- [INPUT DATA]
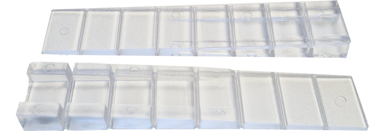 Onze verstelbare meubelwiggen zijn gemaakt van transparant kunststof, waardoor ze niet alleen stevig zijn, maar ook een moderne uitstraling hebben. De set bestaat uit 1 totVerstelbaar stelwig, waarmee je eenvoudig verschillende meubelstukken kunt afstellen. Dankzij het gemakkelijk afbreekbare ontwerp kun je de wiggen na gebruik eenvoudig opbergen zonder dat ze veel ruimte in beslag nemen. Met deze stelwiggen hoef je niet langer te worstelen met wiebelende kasten of scheve meubels. Door hun duurzame en praktische ontwerp zijn ze een must-have voor elke klusser of interieurontwerper. Voeg deze handige meubelwiggen toe aan je gereedschapskist en geniet van perfect gestelde meubels in huis.
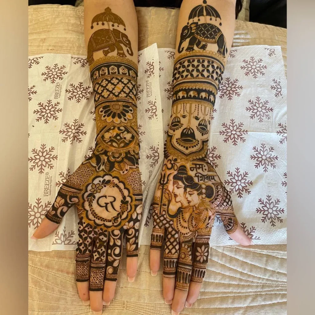 ਇਸ ਡਿਜ਼ਾਈਨ ਵਿੱਚ ਇੱਕ ਹੱਥ ਵਿੱਚ ਮਾਤਾ ਰਾਣੀ ਦੀ ਤਸਵੀਰ ਅਤੇ ਦੂਜੇ ਪਾਸੇ ਇੱਕ ਬਾਲ ਸ਼ਿਵ ਹੈ। ਕਮਲ, ਮੰਦਰ ਅਤੇ “ਕੇਦਾਰਨਾਥ” ਸ਼ਬਦ ਦੇ ਨਾਲ-ਨਾਲ ਕਲਾਈ ‘ਤੇ ਤ੍ਰਿਸ਼ੂਲ ਅਤੇ ਡਮਰੂ ਵੀ ਉੱਕਰੇ ਹੋਏ ਹਨ। ਇਹ ਮਹਿੰਦੀ ਬਹੁਤ ਅਧਿਆਤਮਿਕ ਅਤੇ ਸੁੰਦਰ ਦਿਖਾਈ ਦਿੰਦੀ ਹੈ। (ਕ੍ਰੈਡਿਟ: hiral_hiren_dixit_)
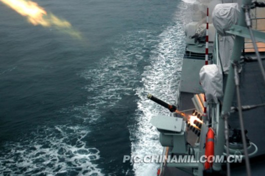 资料图:中国海军051C级116号驱逐舰在演练中发射干扰弹。 中国军事图片中心 许海宁 摄
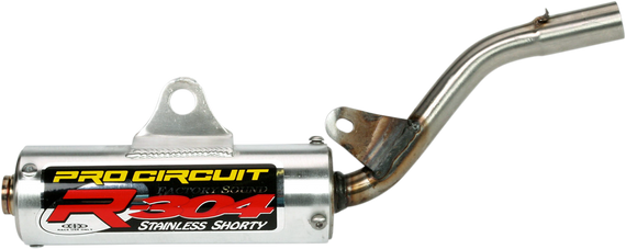 Caracteristicas: Full-race two-stroke silencer The compact design of the short aluminum canister offers optimum performance gains and is recommended for closed-course racing only Hex head screws are used to secure the inlet cap and can be removed easily for quick re-packing of the silencer 304 stainless steel intake tube Double-walled mounting bracket(s) Tig and mig welded for strength and durability E-Glass internal packing for maximum packing life Made in the USA
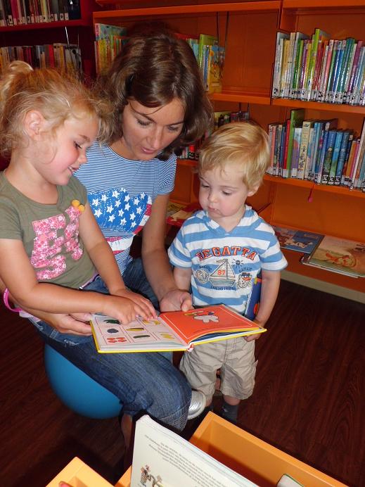 De rondleiding voor de ouders in de bibliotheek was een succes. Het thema van de middag was Boekstart. Dit is een leesbevordering programma voor ouders en baby`s. Ouders die hun baby lid maken van de bibliotheek krijgen een gratis boekstartkoffertje en het bibliotheeklidmaatschap. Boekstart past prachtig binnen het thema van dit jaar: ‘Geef taal een stem’.

- [AIM OF THE TASK]
Give back exactly the lines from the one that contains "资料图:中国海军051C级116号驱逐舰在演练中发射干扰弹。 中国军事图片中心 许海宁" to the final line of the data above, both included, with all pictures removed.

- [RESPONSE]
 资料图:中国海军051C级116号驱逐舰在演练中发射干扰弹。 中国军事图片中心 许海宁 摄
 Caracteristicas: Full-race two-stroke silencer The compact design of the short aluminum canister offers optimum performance gains and is recommended for closed-course racing only Hex head screws are used to secure the inlet cap and can be removed easily for quick re-packing of the silencer 304 stainless steel intake tube Double-walled mounting bracket(s) Tig and mig welded for strength and durability E-Glass internal packing for maximum packing life Made in the USA
 De rondleiding voor de ouders in de bibliotheek was een succes. Het thema van de middag was Boekstart. Dit is een leesbevordering programma voor ouders en baby`s. Ouders die hun baby lid maken van de bibliotheek krijgen een gratis boekstartkoffertje en het bibliotheeklidmaatschap. Boekstart past prachtig binnen het thema van dit jaar: ‘Geef taal een stem’.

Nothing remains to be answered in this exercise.